Quantitative Analysis of Rotor Distribution in Atrial Fibrillation via Noninvasive Electrocardiographic Imaging

Roland Sanford1, Jonathan Chrispin2, Saman Nazarian3, Linwei Wang1
1Rochester Institute of Technology, 2John Hopkins University, 3University of Pennsylvania


Abstract

Atrial Fibrillation (AF) is the most common cardiac arrhythmia found in people of all ages. The irregular electrical signals that cause the arrhythmia are thought to be sustained by abnormalities in the heart’s tissue. These waves can be described as rotors, which appear to orbit a central region called the anchor. Current clinical solutions involve invasively mapping the epicardial and endocardial potentials to locate arrhythmia-causing tissue of either class.
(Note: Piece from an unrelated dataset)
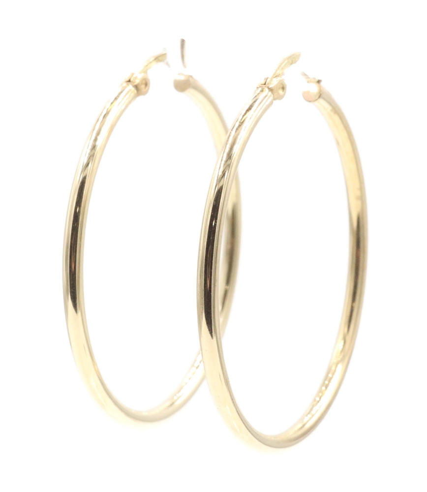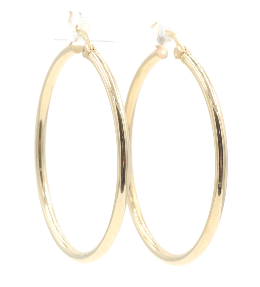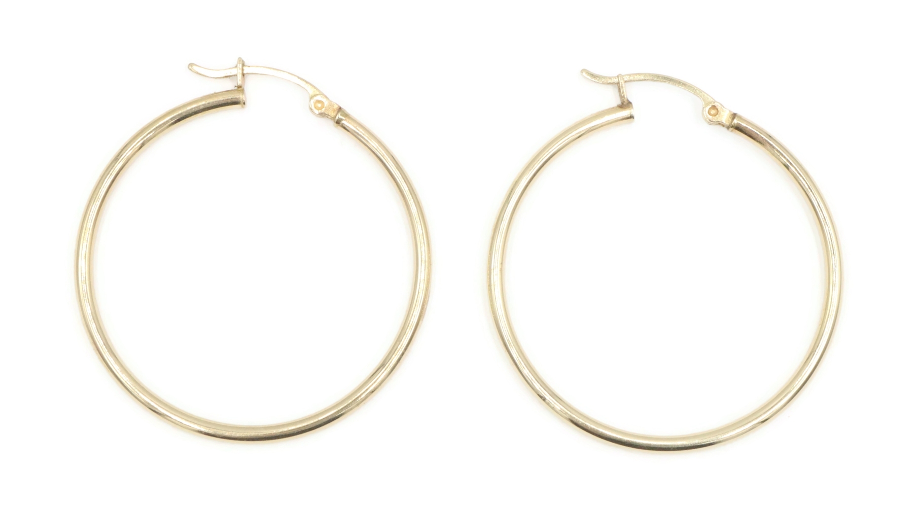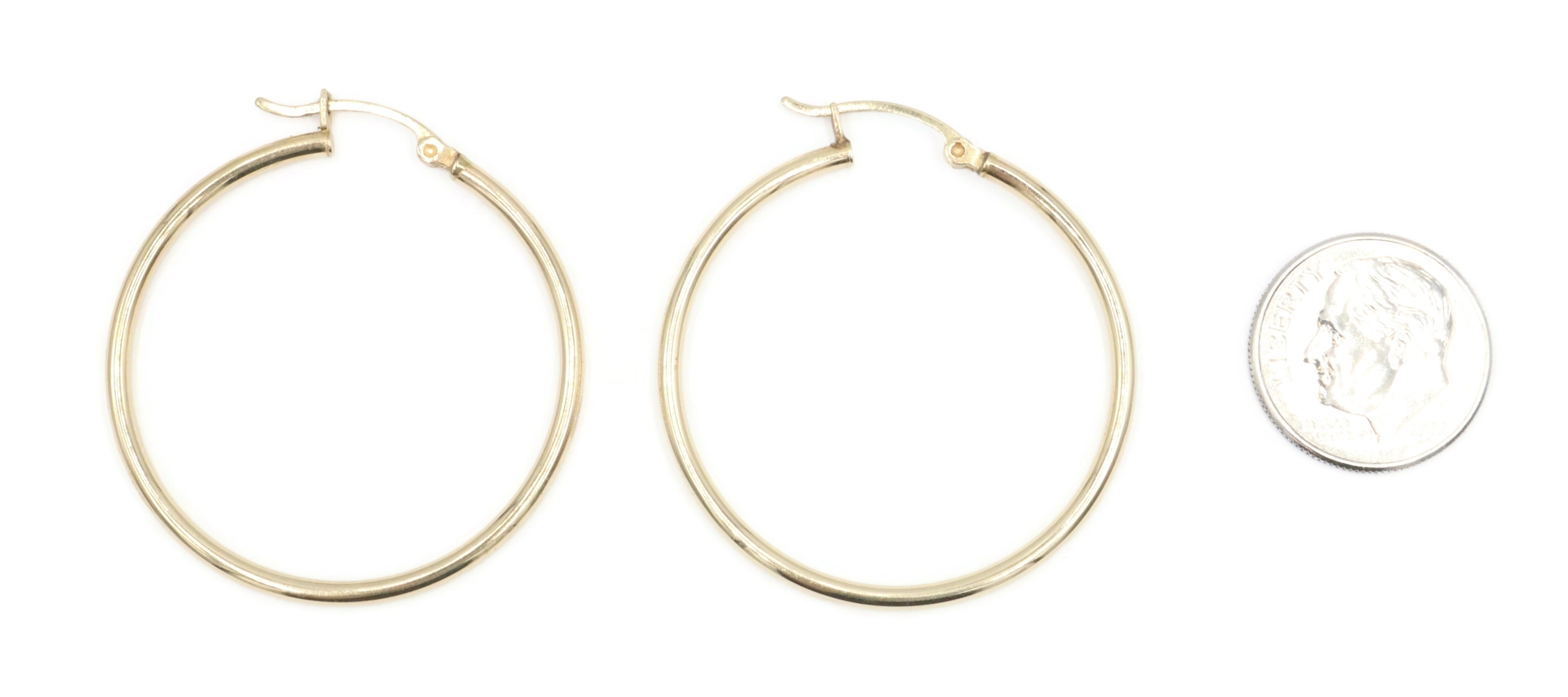 Women's High Shine 10KT Yellow Gold Classic Hollow Hoop 1.3" Earrings - 1.88g. These earrings each have an approximate hoop size of 34mm x 34.7mm.

Once identified, the problematic tissue regions become targets of high-energy catheter ablation. Unfortunately, invasive procedures are associated with numerous issues that may contribute to suboptimal ablation outcomes, including limited accuracy and procedural risk. Noninvasive Electrocardiographic Imaging (ECGI) is a computational process that estimates the epicardial potentials from the patient’s geometry and body surface potentials (BSPs). In previous studies, ECGI has shown promise in localizing arrhythmia sources in AF, as verified by the results of ablation and invasive mapping data. However, detailed ECGI-based quantitative characterization of the spatiotemporal organization of AF rotors has not been presented. We present a novel study to quantify the spatiotemporal rotor distribution in the context of AF based on tracking phase singularity points (PSPs) in ECGI results. Patient-specific geometric models and recorded body-surface potentials (BSPs) serve as inputs to the computational pipeline. Second-order Tikhonov regularization is used to compute estimates of the epicardial potentials based. Dominant frequency analysis, phase mapping, and phase singularity identification serve as tools that, in conjunction with clinical insight, identify potential ablation sites. To date, thirteen total patients have been analyzed using our computational pipeline. In ECGI computed results, at each time instant when PSPs are identified, an average of (4.78 +/- 2.28) rotors were found. The majority of rotors, through stable in location, were transient in time.